TASK DETAILS >>
Your answer must consist only of the lines from the start of the entries through the line that holds "活动开始后,各班同学反响热烈", copied exactly, with no pictures.

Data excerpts
++++++++

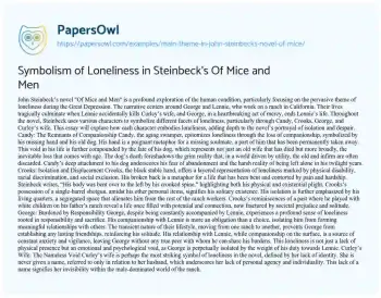 Symbolism of Loneliness in Steinbeck’s Of Mice and Men
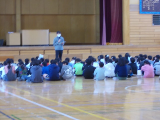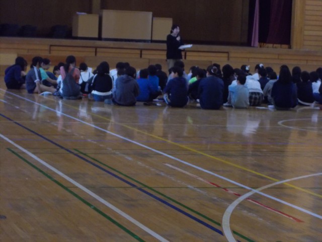 体育館整備の奉仕活動の後の学年集会です。
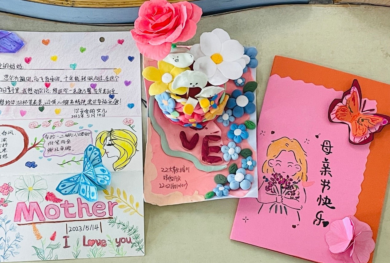 活动开始后,各班同学反响热烈,踊跃参与,纷纷动手制作各种各样的手工艺作品。“以花之名,用心说爱”,有的同学亲手制作纸花,用康乃馨、粉玫瑰、雏菊等寄托美好寓意,剪裁、拧捏、卷边、粘贴……大家发挥着自己的想象,制作出独一无二的手工作品,通过自己的双手,将心中的爱注入中。有的同学亲手制作贺卡,用各色的彩纸和彩笔,裁剪,书写,一笔笔描绘出对妈妈的爱。活动最后评审人员对参赛作品进行合理公正的评选,最终选出一等奖3个,二等奖5个,三等奖7个,优秀奖若干名并对获奖同学发放奖励对其作品给予支持和肯定。
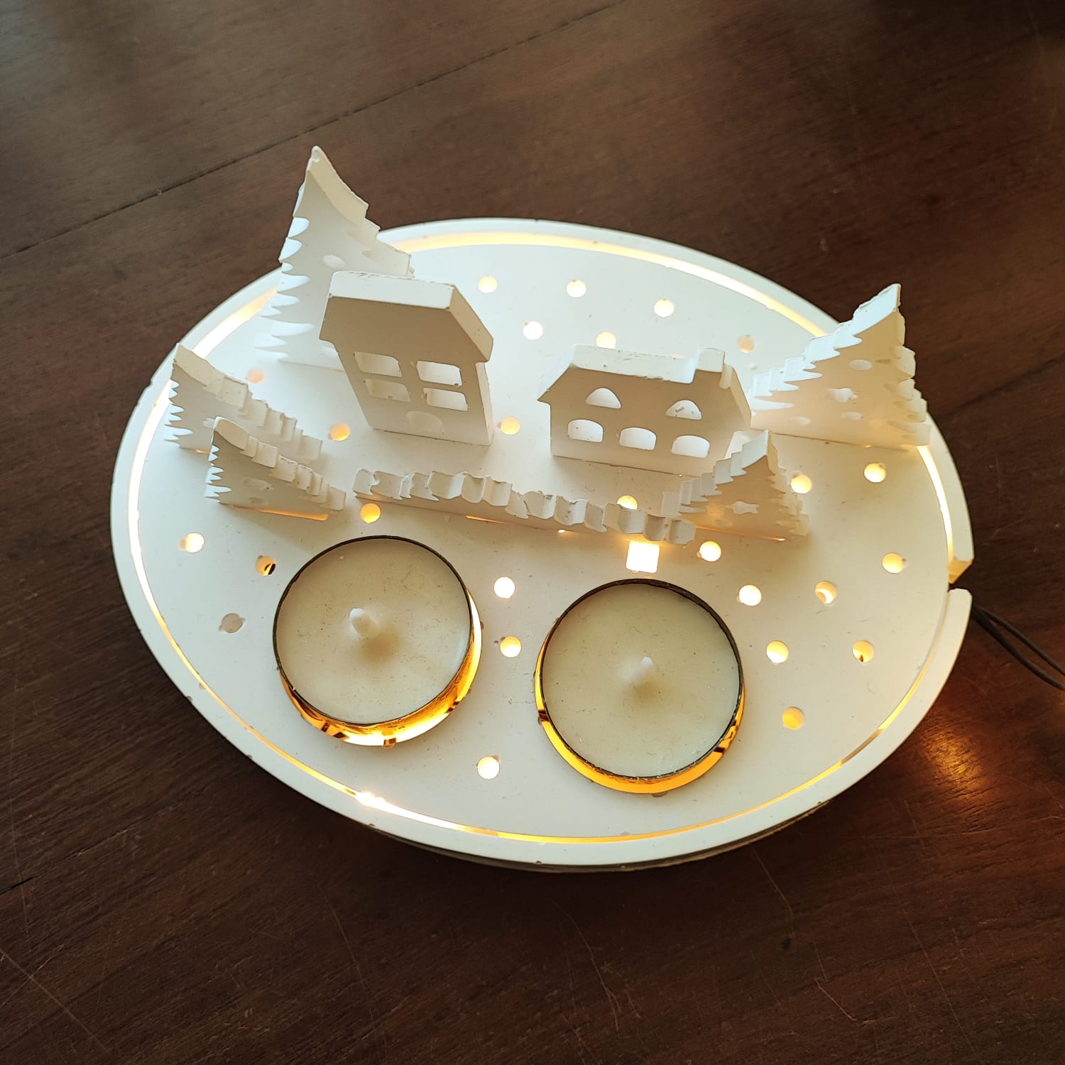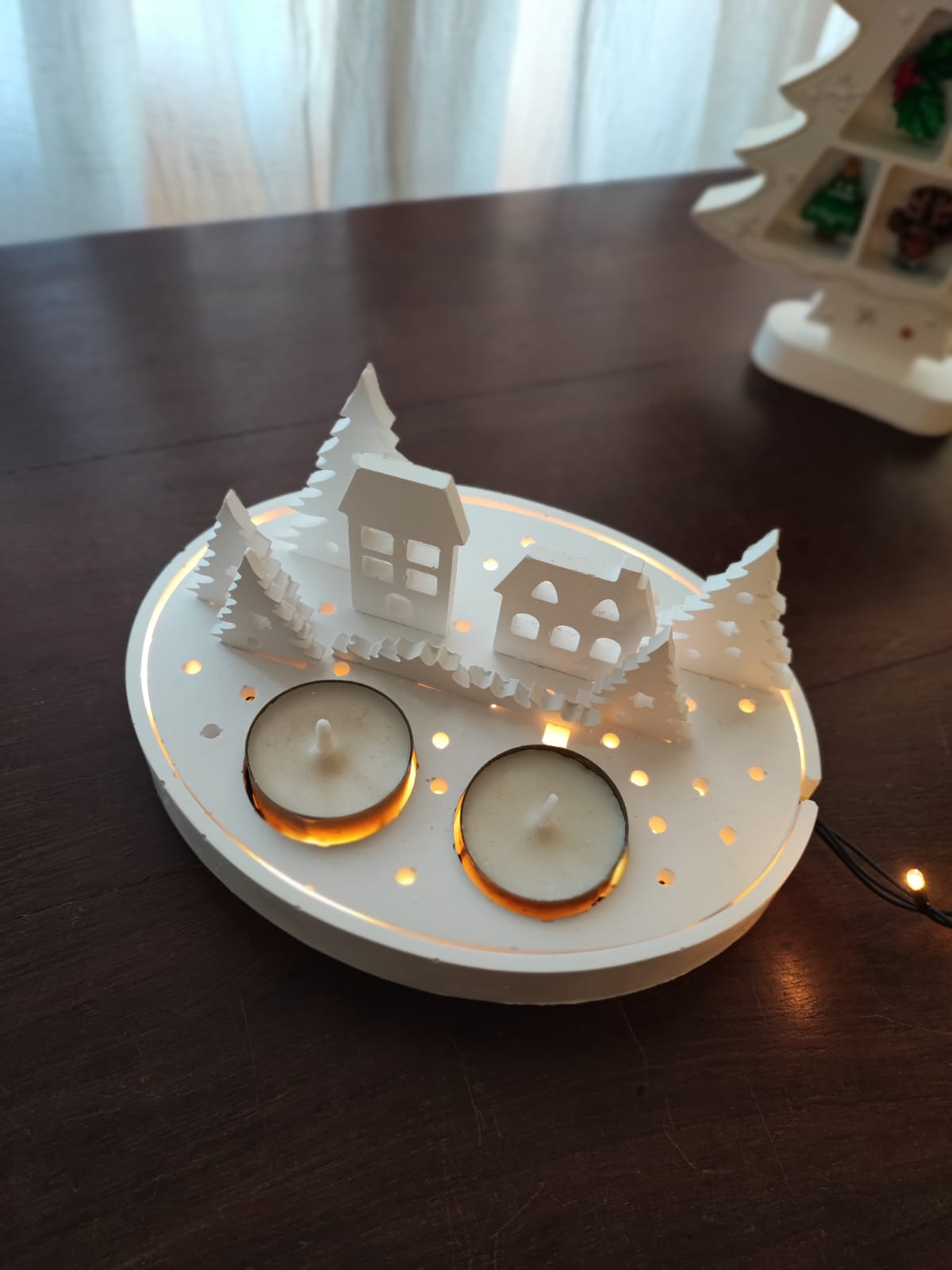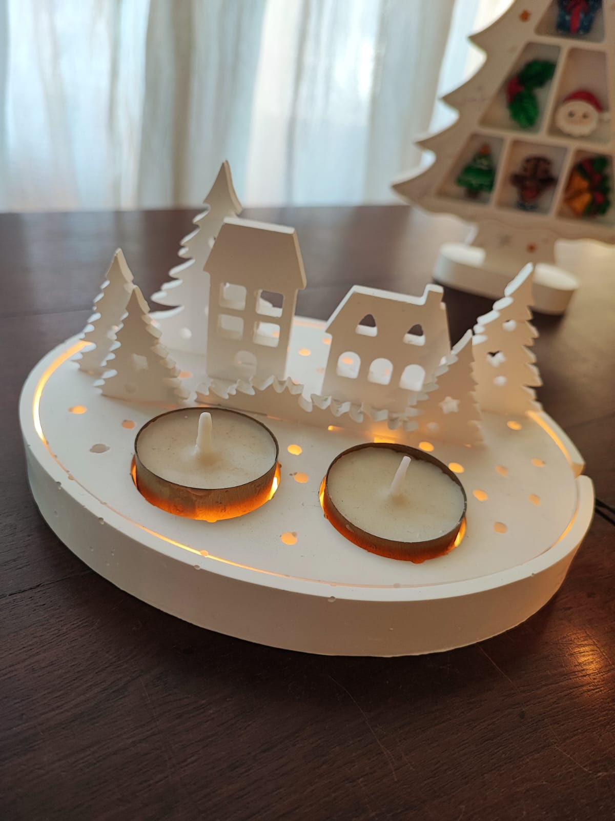 Increible paisaje navideño, consta de dos partes + 8 piezas encastrables. Casa, pinos y cesped. Tiene espacio para dos velas de noche, y se le puede agregar luces.
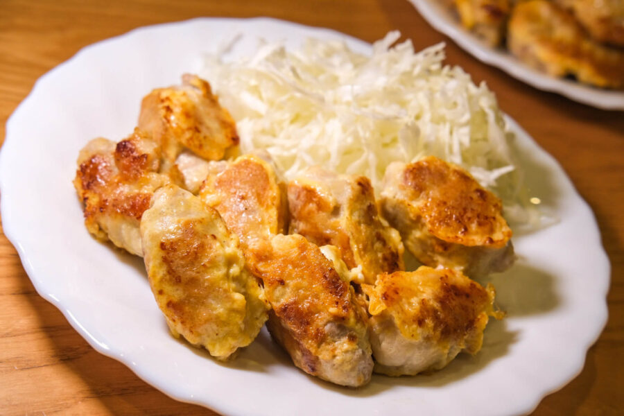- 粗熱が取れたピカタを器に盛り付けてできあがり。
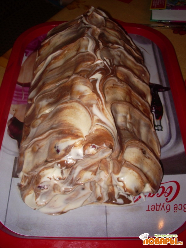 Выкладываем первый ряд из 4 трубочек, обильно облепляем кремом, в шахматном порядке кладем еще 3 трубочки и тоже облепляем кремом, потом 2 и 1. Трубочек за кремом не должно быть видно. Сверху брызгаем шоколадной глазурью и ложкой делаем декоративные волны. В холодильник для пропитки приблизительно на сутки.
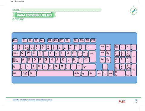 Identifica el teclado. Colorea las teclas utilizando colores. 3
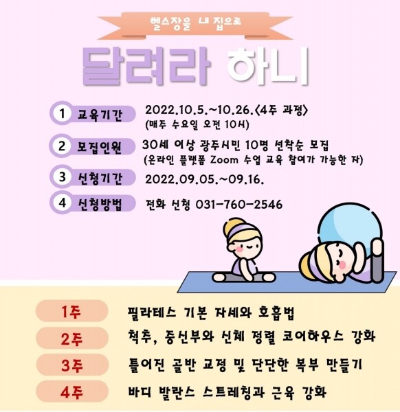 비대면 방식으로 진행되는 ‘달려라 하니’는 30세 이상 광주시민 10명을 대상으로 매주 수요일 오전 10시부터 50분간 운영되며 전문적인 트레이너의 교육을 통해 올바른 근육 사용법 및 틀어진 몸을 바로 잡을 수 있는 건강한 자세를 익혀 생활 속에서 지속적으로 활용할 수 있는 운동 습관을 만드는 데 초점을 맞춰 진행한다.
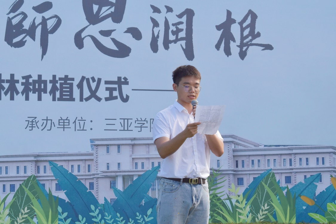 今日,毕业生代表将在这片凤凰林中种下属于2022届毕业生的凤凰树,为此刘开南校长也为2022届毕业生们带来了他的祝福与期盼。从2018年至2022年,师生们一同经历了席卷全球的疫情,在这场疫情中,不仅看到了中国力量还看到了这个时代青年人的责任与担当。因此,刘开南校长希望毕业生们在日后遇见任何困难与挑战时,以会当凌绝顶的雄心和舍我其谁的意志面对一切,以笑傲江湖的豪迈之情迎着阳光怒放。此外,刘开南校长表示十年树木百年树人,凤凰树如学生们怒放的青春,火红的凤凰花如涅槃盛开,这是2022届毕业生们的青春、奋进、激情的象征,更是如火般青春的见证,因此,学校会如守护学生们的青春般守护这篇树林。
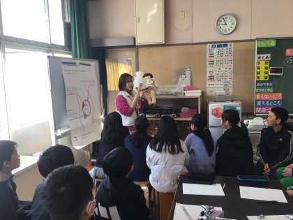 5年1組、2組の様子です。単元「人のたんじょう」を学んでいます。今日は、養護教諭の加藤光咲先生の読み聞かせや話から、受精や胎児の成長などを保健分野の視点で学びました。
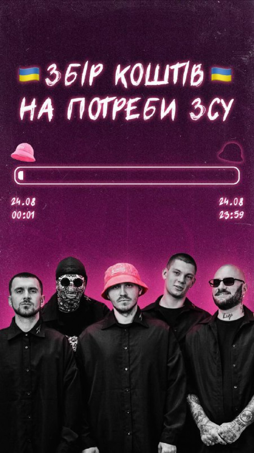 “Ми подумали, що це вдала магія чисел: 24 серпня, 24 години, 24 гривні. Таку суму може собі дозволити будь-який українець, як всередині країни, так і за її межами. Ну а обмежений час ми запроваджуємо задля того, аби підігріти людей встигнути зробити свій вклад у цю велику справу”, – розповідає про акцію фронтмен гурту Олег Псюк.
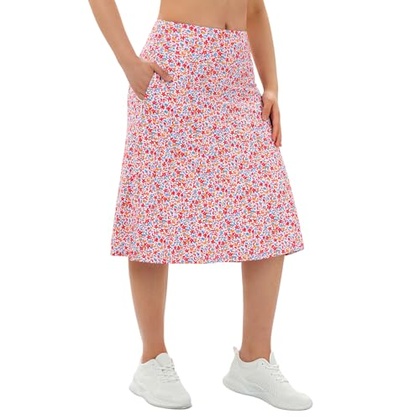 Midi Length Skort Skirts for Women Modest Knee Length Skorts Athletic 26″ Long Skirts with Zipper Pockets(Redfloral,L)
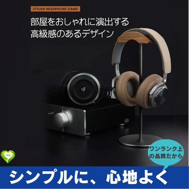 > 【シンプルに、心地よく】 ヘッドホンスタンド ヘッドホンハンガー 木製 天然木 上品 ウォールナット 3色展開 アルミ 収納 おしゃれ

++++++++

RESULT BELOW >>
 Symbolism of Loneliness in Steinbeck’s Of Mice and Men
 体育館整備の奉仕活動の後の学年集会です。
 活动开始后,各班同学反响热烈,踊跃参与,纷纷动手制作各种各样的手工艺作品。“以花之名,用心说爱”,有的同学亲手制作纸花,用康乃馨、粉玫瑰、雏菊等寄托美好寓意,剪裁、拧捏、卷边、粘贴……大家发挥着自己的想象,制作出独一无二的手工作品,通过自己的双手,将心中的爱注入中。有的同学亲手制作贺卡,用各色的彩纸和彩笔,裁剪,书写,一笔笔描绘出对妈妈的爱。活动最后评审人员对参赛作品进行合理公正的评选,最终选出一等奖3个,二等奖5个,三等奖7个,优秀奖若干名并对获奖同学发放奖励对其作品给予支持和肯定。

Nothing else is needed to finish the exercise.